◆ Required work ◆
Retype the material that follows exactly, limited to the lines from the one with "全年粮食产量179.66亿斤" through the one with "Sandalia De Salto", and keep out all pictures.

◆ Study material ◆
++++++++++++++++++++

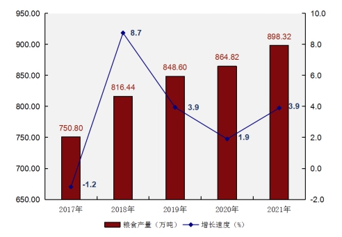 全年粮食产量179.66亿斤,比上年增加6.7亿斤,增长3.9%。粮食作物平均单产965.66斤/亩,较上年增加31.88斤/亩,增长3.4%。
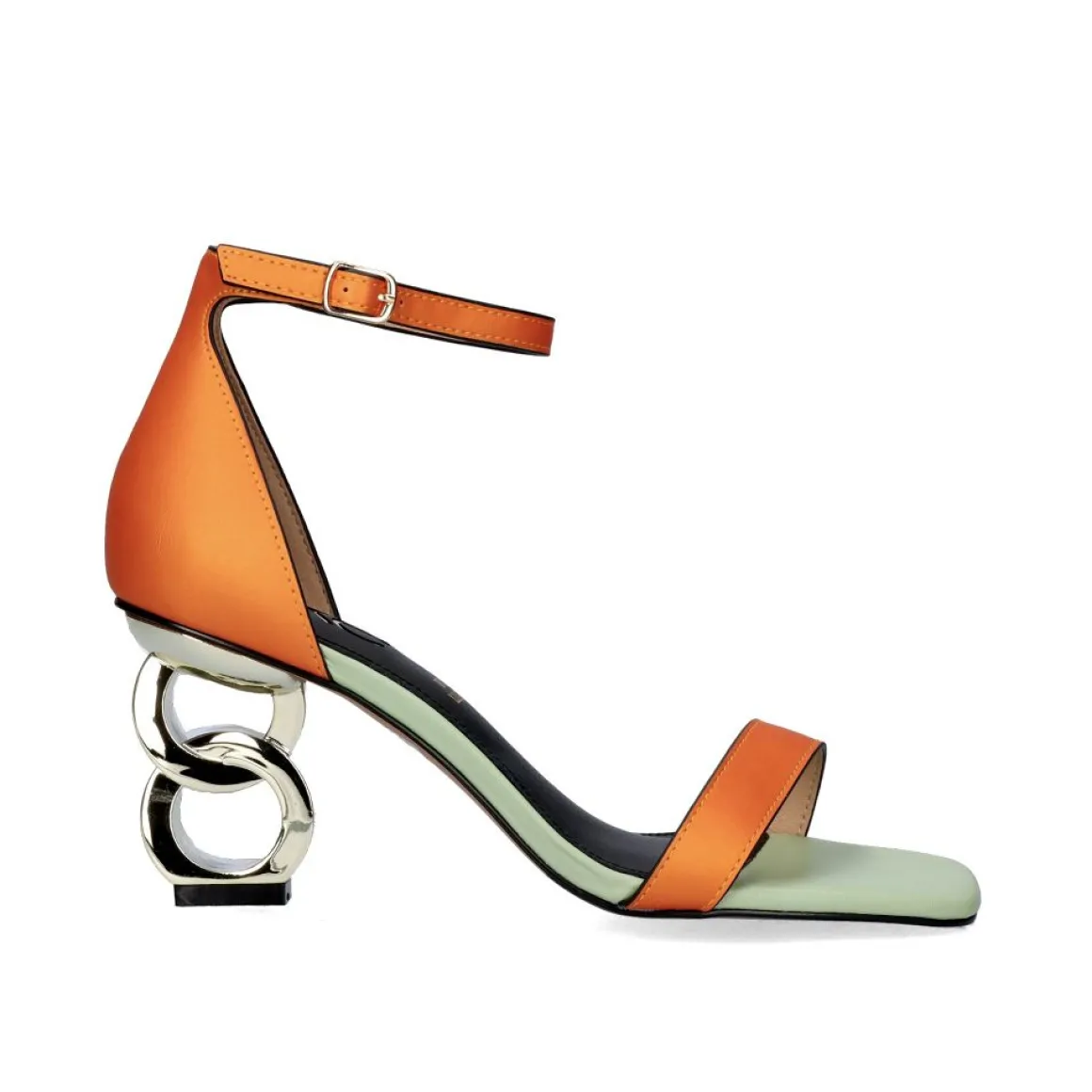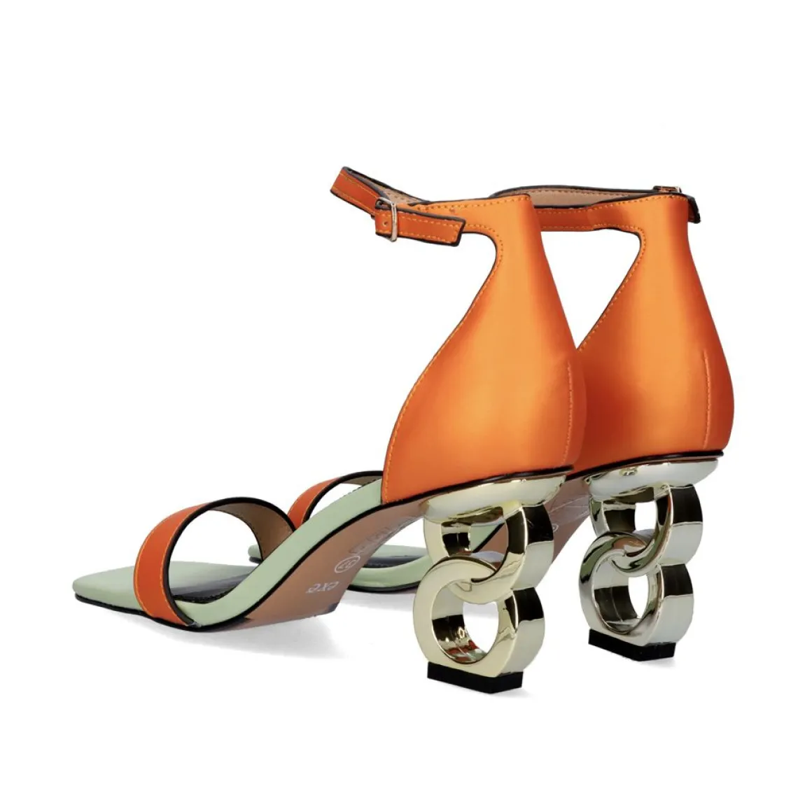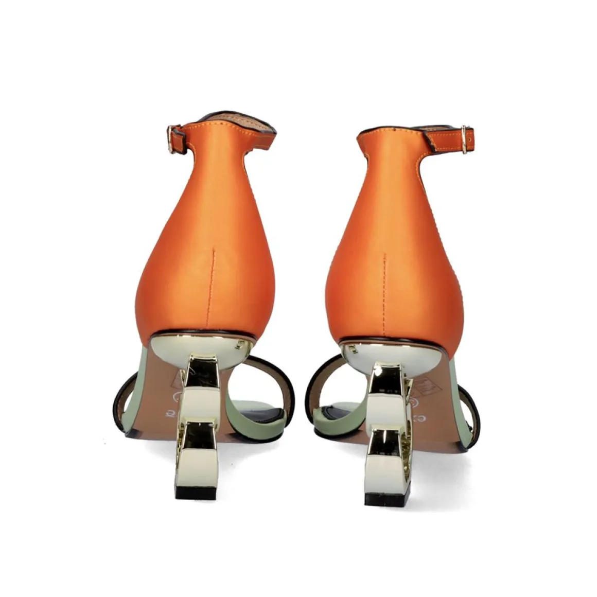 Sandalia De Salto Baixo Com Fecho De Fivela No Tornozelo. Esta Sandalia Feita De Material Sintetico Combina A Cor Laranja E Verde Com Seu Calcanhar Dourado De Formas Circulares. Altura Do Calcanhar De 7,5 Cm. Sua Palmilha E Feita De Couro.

++++++++++++++++++++

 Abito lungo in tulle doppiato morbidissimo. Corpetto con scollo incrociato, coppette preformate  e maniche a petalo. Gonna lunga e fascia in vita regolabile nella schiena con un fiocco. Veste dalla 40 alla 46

++++++++++++++++++++

◆ Answer to the exercise ◆
 全年粮食产量179.66亿斤,比上年增加6.7亿斤,增长3.9%。粮食作物平均单产965.66斤/亩,较上年增加31.88斤/亩,增长3.4%。
 Sandalia De Salto Baixo Com Fecho De Fivela No Tornozelo. Esta Sandalia Feita De Material Sintetico Combina A Cor Laranja E Verde Com Seu Calcanhar Dourado De Formas Circulares. Altura Do Calcanhar De 7,5 Cm. Sua Palmilha E Feita De Couro.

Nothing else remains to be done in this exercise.